A dark matter halo is the halo of invisible matter that permeates and surrounds a galaxy or a cluster of galaxies. Although dark matter has never been detected in laboratories, physicists are confident dark matter, which makes up 85% of the universe’s matter, exists.
Q. You’ve found dark matter halos of the ultra-diffuse galaxies are very odd. What is odd about them and what are you comparing them to?
The ultra-diffuse galaxies we studied are much less massive compared to, say, the Milky Way. They contain a lot of gas, however, and they have much higher gas mass than total stellar mass, which is opposite to what we see in the Milky Way. The ultra-diffuse galaxies also have large sizes.
The distribution of dark matter in these galaxies can be inferred from the motion of gas particles. What really surprises us is that the presence of baryonic matter itself, predominantly in the form of gas, is nearly sufficient to explain the measured velocity of gas particles and leaves little room for dark matter in the inner regions, where most of the stars and gas are located.
This is very surprising because in the case of normal galaxies, whose masses are similar to those of the ultra-diffuse galaxies, it’s the opposite: dark matter dominates over baryonic matter.
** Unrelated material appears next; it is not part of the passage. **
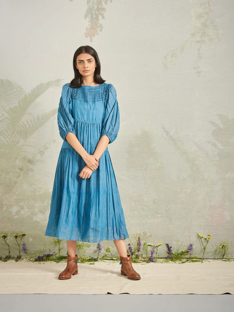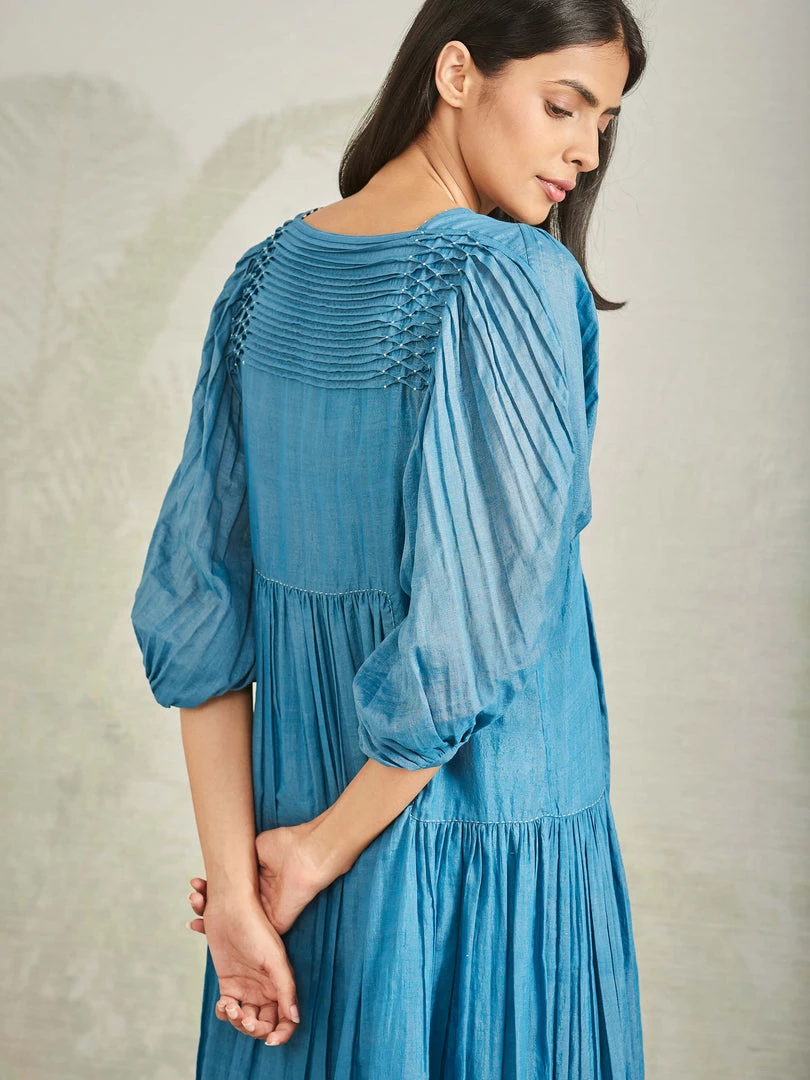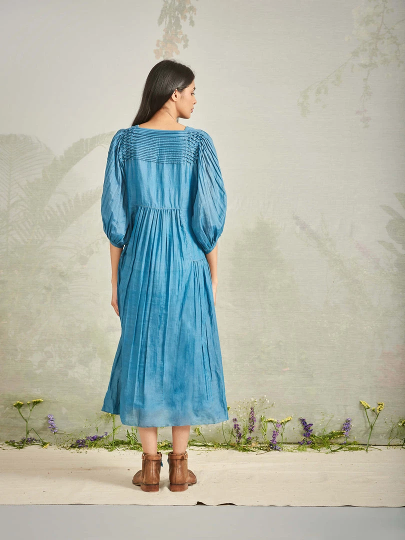 A billowy silhouette with hand smocking on the yoke and delicate gathers on sleeve made in luxurious handwoven cotton silk. Our Homecoming dress is elegant and flamboyant and a perfect companion for evening outs and formal gatherings.

To accommodate this result, we conclude that these dark matter halos must have much lower “concentrations.” That is, they contain much less mass in their inner regions, compared to those of normal galaxies. In this sense, dark matter halos of the ultra-diffuse galaxies are “odd.”
At first glance, one would expect that such low-concentration halos are so rare that the ultra-diffuse galaxies would not even exist. After looking into the data from state-of-the-art numerical simulations of cosmic structure formation, however, we found the population of low-concentration halos is higher than the expectation.
Q. What was involved in doing the study?
This is a collaborative work. Filippo Fraternali and his student Pavel E. Mancera Piña are experts on gas dynamics of galaxies. They discovered that the ultra-diffuse galaxies rotate more slowly than normal galaxies with similar masses. We worked together to interpret measurement data of the gas motion of these galaxies and infer their dark matter distribution. Furthermore, we analyzed data from simulations of cosmic structure formation and identified dark matter halos that have similar properties as those inferred from the ultra-diffuse galaxies.
Q. Your findings raise questions about our understanding of galaxy formation/structure formation of the universe. How?
We have many questions regarding the formation and evolution of these newly discovered galaxies. For example, the ultra-diffuse galaxies contain a lot of gas and we do not know how this gas is retained during galaxy formation. Further, our results indicate that these galaxies may be younger than normal galaxies. The formation of the ultra-diffuse galaxies is not well understood, and more work is needed.
Q. What makes ultra-diffuse galaxies so interesting?
These are amazing objects to study because of their surprising properties, as discussed in our work. The newly discovered ultra-diffuse galaxies provide a new window for further testing our understanding of galaxy formation, probably even the nature of dark matter.